-- Data extract --
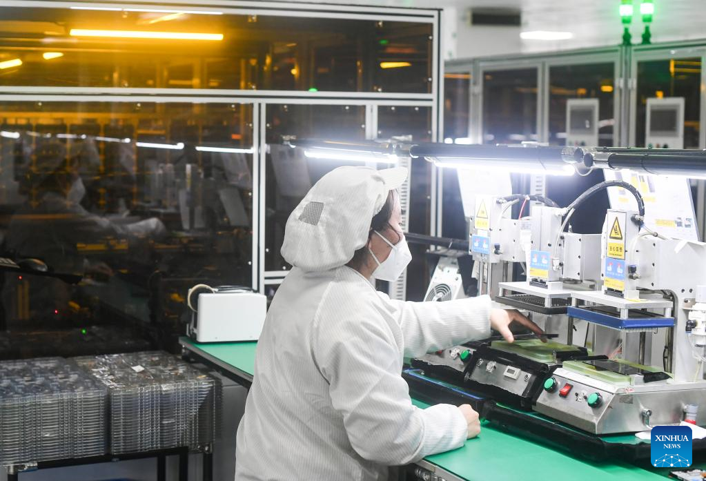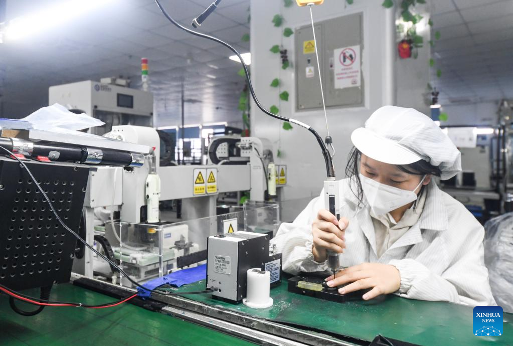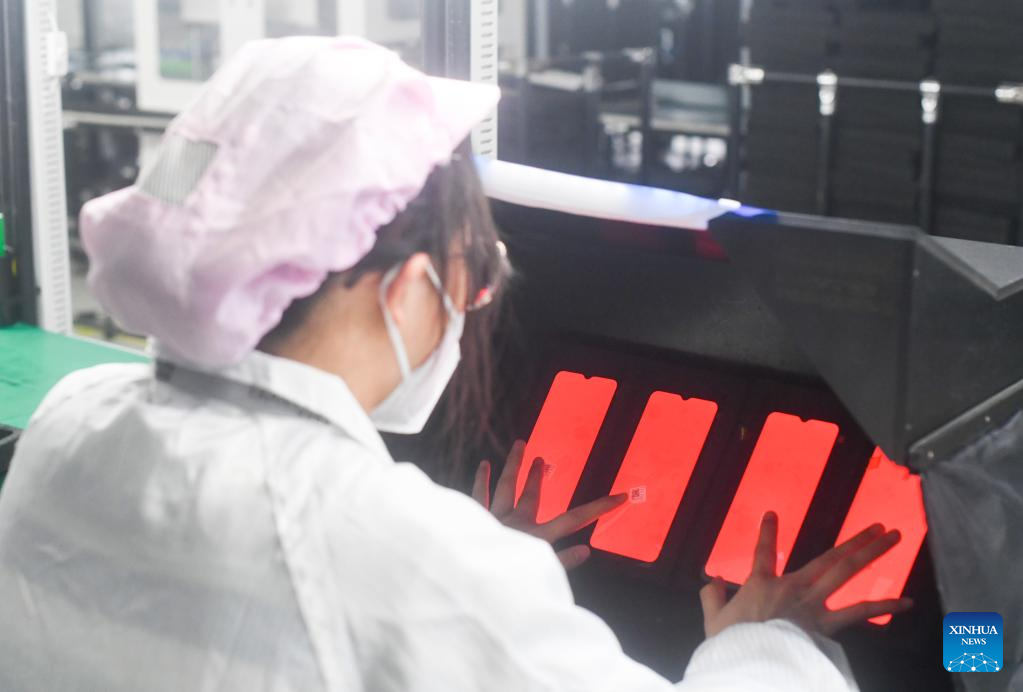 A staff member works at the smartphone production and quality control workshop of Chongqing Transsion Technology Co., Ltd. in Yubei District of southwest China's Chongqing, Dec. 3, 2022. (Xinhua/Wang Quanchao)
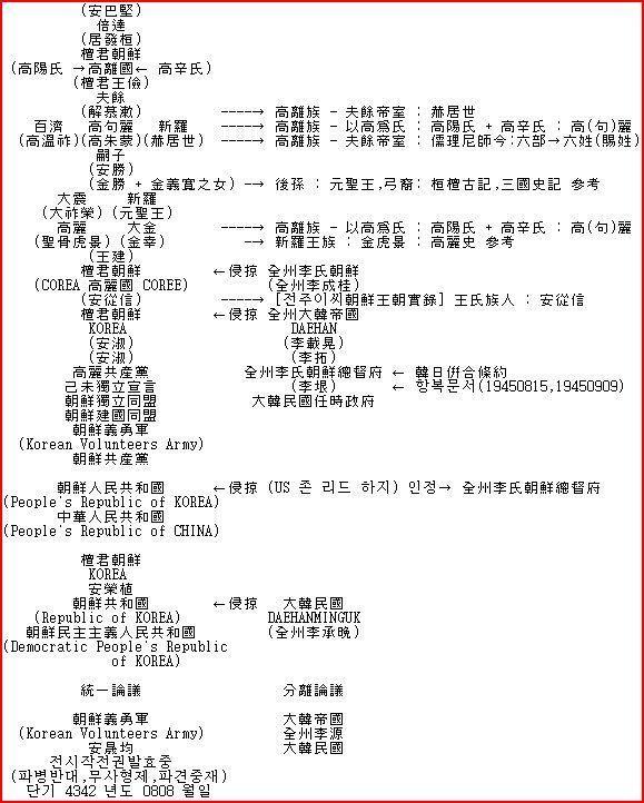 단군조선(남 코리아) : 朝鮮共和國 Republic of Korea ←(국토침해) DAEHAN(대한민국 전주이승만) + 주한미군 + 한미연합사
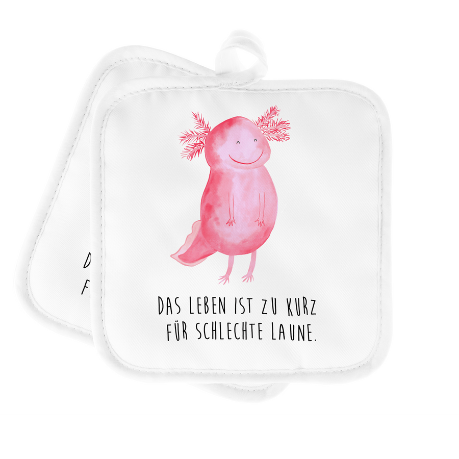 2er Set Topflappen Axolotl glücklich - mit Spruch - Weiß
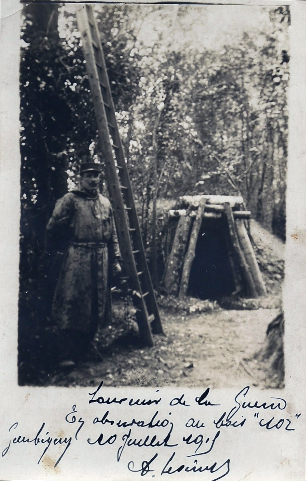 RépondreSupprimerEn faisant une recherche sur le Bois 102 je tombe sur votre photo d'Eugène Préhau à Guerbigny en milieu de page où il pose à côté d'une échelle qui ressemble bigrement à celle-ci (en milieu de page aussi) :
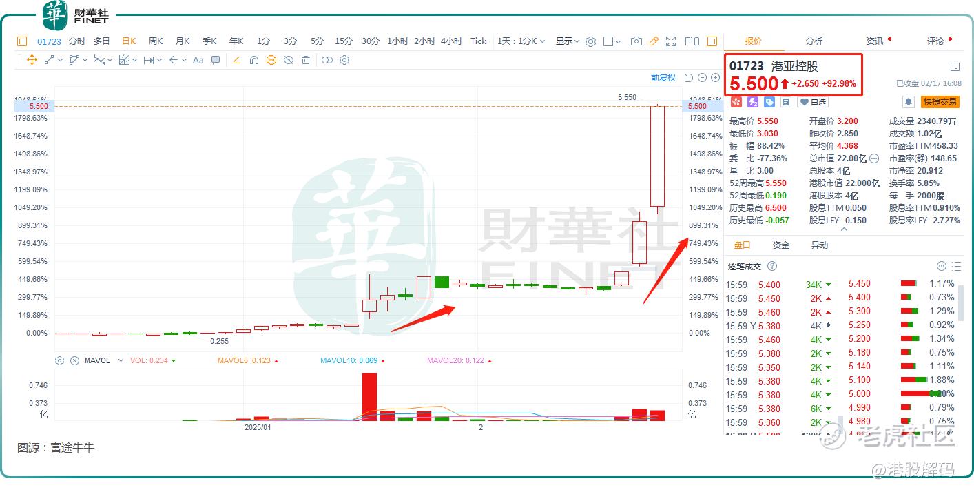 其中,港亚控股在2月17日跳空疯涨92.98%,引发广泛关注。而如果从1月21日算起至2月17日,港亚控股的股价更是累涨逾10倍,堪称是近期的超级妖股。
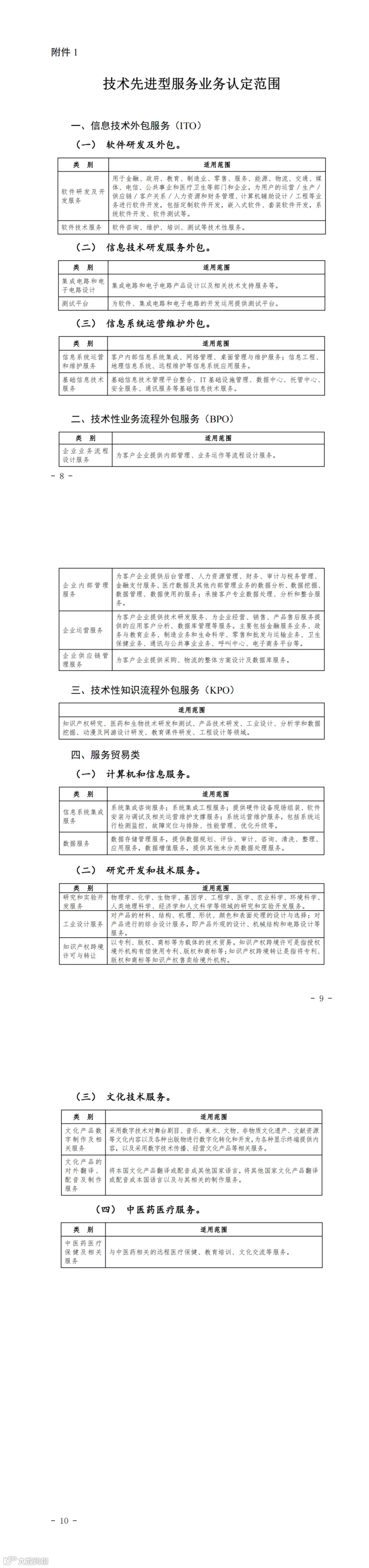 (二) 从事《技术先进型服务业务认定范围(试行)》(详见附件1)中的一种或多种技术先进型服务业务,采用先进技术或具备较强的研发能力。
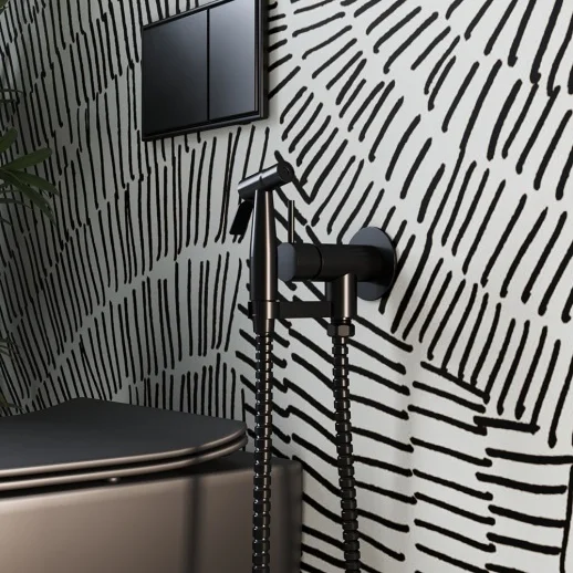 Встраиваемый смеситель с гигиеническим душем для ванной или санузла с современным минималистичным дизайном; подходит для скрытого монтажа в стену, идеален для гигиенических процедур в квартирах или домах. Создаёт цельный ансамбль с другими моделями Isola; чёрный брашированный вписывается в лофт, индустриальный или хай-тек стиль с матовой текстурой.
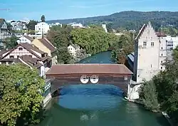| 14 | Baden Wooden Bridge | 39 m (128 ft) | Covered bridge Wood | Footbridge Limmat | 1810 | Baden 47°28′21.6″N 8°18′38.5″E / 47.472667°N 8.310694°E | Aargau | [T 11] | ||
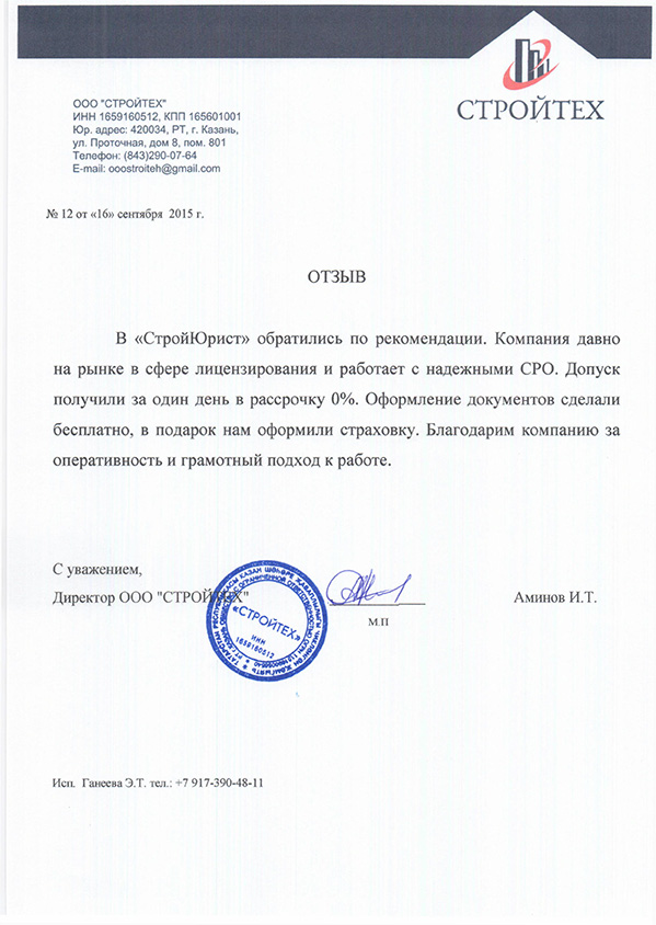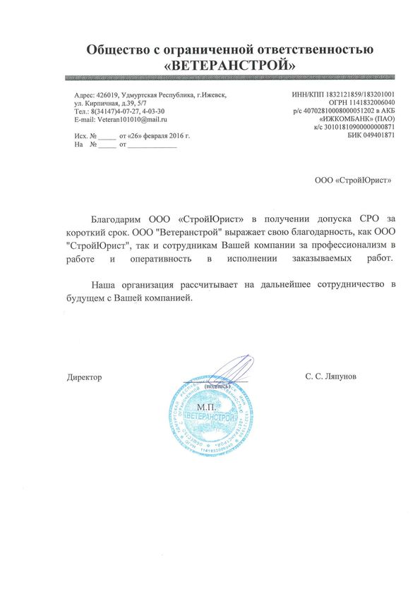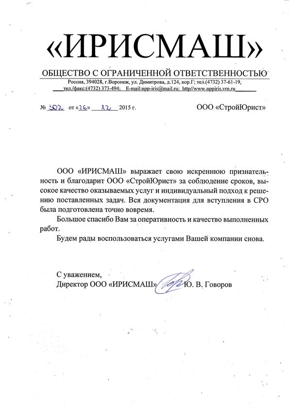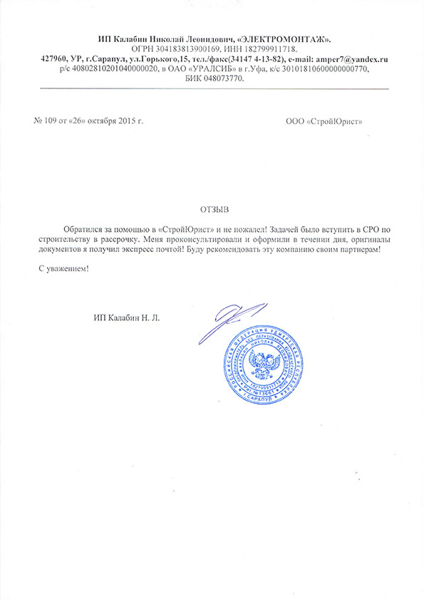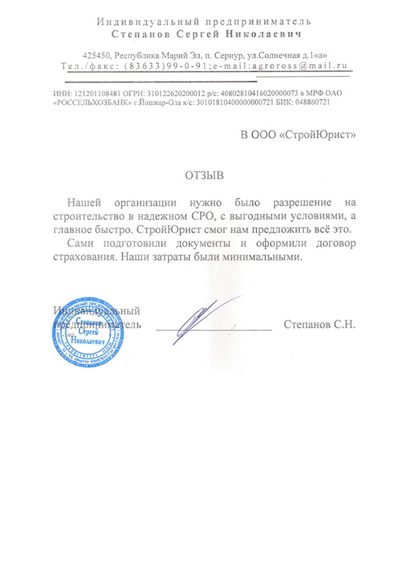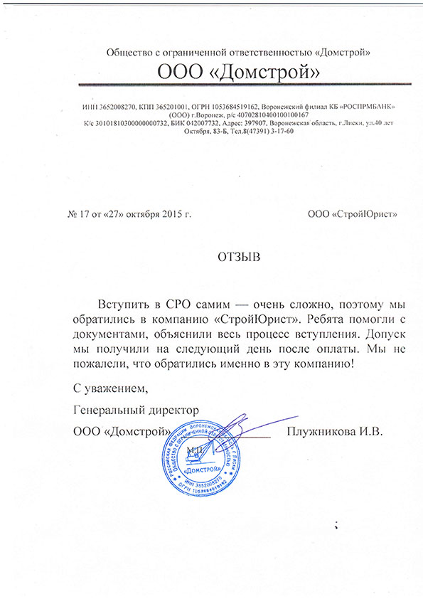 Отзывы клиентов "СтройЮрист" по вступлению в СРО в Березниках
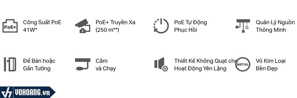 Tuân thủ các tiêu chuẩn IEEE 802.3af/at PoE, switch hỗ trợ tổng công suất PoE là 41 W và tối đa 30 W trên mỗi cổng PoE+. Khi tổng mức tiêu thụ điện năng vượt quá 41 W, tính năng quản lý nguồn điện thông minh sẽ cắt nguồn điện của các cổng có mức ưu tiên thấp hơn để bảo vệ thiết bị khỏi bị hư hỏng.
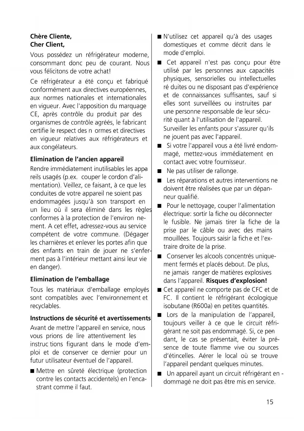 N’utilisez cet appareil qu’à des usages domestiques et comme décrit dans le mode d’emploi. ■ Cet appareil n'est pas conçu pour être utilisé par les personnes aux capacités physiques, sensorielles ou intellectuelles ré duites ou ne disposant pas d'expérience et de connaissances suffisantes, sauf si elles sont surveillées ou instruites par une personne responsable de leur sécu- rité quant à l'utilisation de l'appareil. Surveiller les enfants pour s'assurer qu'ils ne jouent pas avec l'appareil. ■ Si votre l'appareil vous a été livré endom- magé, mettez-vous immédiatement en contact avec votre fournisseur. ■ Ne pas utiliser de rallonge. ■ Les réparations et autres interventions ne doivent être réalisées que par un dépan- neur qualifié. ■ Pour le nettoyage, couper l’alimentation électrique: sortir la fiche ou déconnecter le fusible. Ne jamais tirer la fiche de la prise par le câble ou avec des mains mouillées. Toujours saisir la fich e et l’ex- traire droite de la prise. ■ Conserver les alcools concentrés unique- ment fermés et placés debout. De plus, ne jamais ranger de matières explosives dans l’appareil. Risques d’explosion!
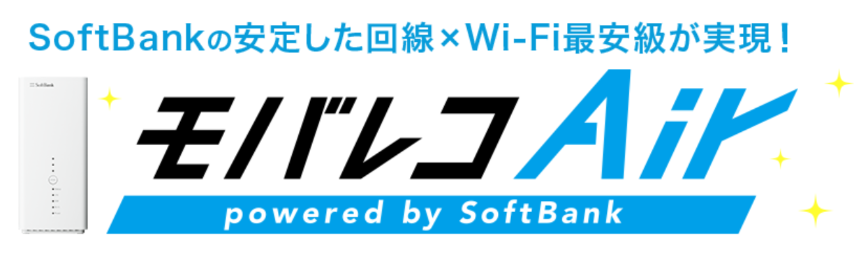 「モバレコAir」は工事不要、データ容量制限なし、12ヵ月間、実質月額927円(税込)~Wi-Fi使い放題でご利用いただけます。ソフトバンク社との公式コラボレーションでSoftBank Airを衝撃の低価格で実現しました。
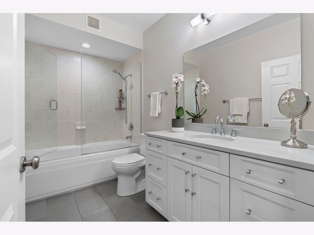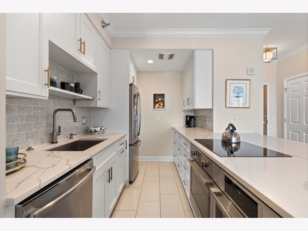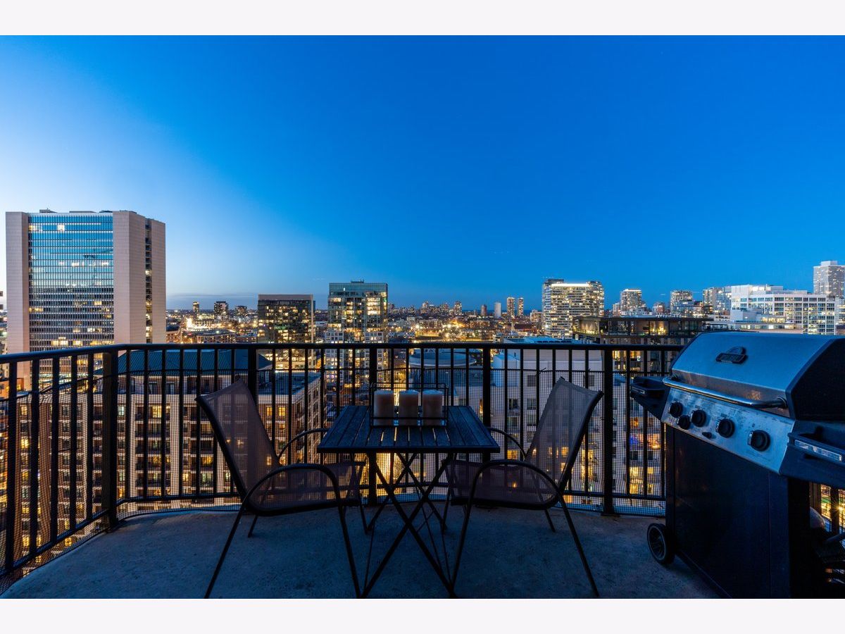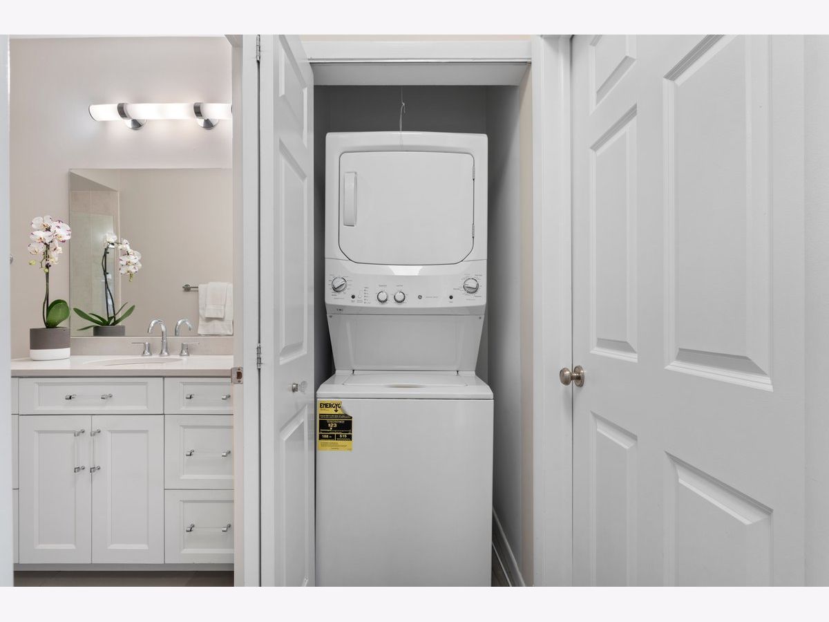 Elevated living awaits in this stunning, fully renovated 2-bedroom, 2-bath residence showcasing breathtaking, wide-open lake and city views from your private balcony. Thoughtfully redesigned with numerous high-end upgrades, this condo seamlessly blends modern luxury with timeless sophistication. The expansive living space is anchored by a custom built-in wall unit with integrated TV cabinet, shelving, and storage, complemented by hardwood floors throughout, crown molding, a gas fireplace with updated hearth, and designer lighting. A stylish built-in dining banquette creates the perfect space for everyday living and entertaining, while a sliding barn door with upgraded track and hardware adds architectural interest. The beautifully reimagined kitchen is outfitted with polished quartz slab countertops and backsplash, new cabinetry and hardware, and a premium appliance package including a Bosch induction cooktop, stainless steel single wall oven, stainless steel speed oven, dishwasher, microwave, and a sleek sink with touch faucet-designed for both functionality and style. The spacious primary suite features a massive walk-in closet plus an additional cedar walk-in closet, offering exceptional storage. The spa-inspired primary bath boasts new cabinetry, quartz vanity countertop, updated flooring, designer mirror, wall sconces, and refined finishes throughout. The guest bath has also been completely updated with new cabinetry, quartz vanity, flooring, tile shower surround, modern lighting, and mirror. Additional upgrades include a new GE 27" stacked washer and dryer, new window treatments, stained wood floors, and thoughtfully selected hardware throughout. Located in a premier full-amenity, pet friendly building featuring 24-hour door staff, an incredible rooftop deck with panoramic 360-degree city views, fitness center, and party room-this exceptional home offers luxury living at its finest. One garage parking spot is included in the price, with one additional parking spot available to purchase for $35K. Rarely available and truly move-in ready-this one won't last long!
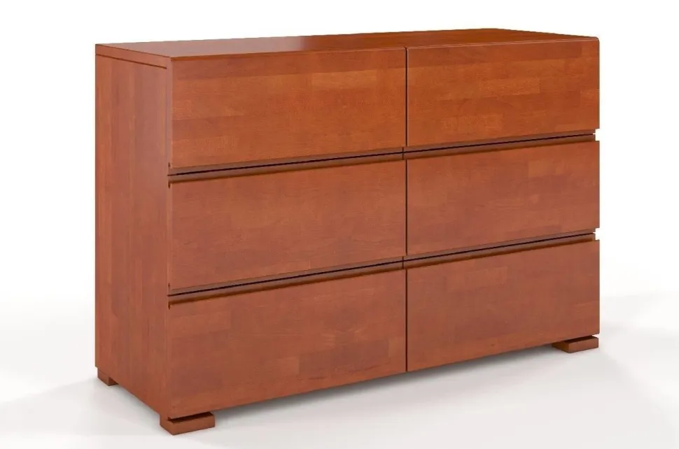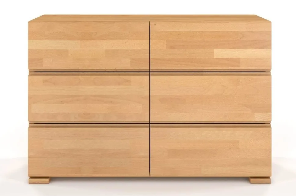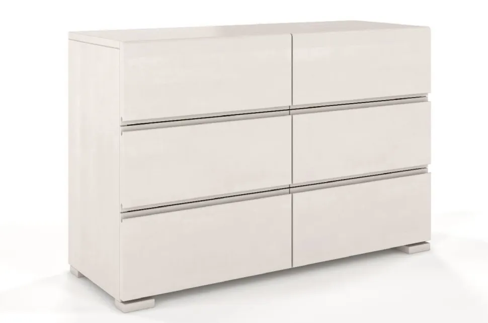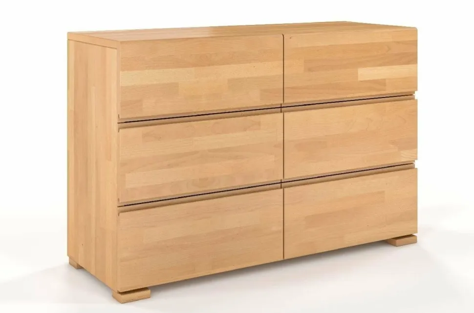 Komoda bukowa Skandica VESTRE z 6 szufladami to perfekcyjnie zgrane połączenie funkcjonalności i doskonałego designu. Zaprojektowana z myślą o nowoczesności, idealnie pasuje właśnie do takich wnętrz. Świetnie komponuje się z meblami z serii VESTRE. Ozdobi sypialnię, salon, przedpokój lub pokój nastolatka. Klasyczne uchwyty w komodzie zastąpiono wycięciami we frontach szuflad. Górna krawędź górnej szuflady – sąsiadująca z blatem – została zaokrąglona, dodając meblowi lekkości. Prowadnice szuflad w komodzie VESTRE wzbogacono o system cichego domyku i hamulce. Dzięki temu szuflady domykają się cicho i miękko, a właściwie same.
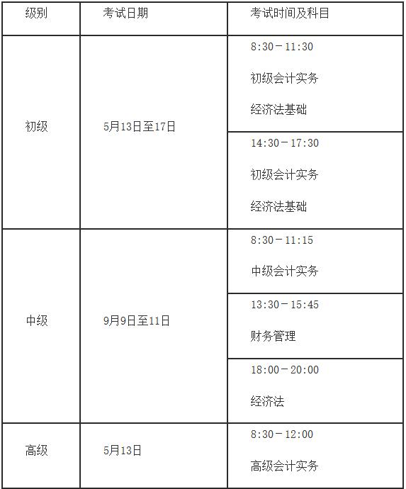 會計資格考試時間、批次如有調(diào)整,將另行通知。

-- What is needed --
Copy nothing but the lines above from the one with "RépondreSupprimerEn faisant une" to the one with "其中,港亚控股在2月17日跳", inclusive, word for word. Leave every picture out.

-- The answer --
 RépondreSupprimerEn faisant une recherche sur le Bois 102 je tombe sur votre photo d'Eugène Préhau à Guerbigny en milieu de page où il pose à côté d'une échelle qui ressemble bigrement à celle-ci (en milieu de page aussi) :
 其中,港亚控股在2月17日跳空疯涨92.98%,引发广泛关注。而如果从1月21日算起至2月17日,港亚控股的股价更是累涨逾10倍,堪称是近期的超级妖股。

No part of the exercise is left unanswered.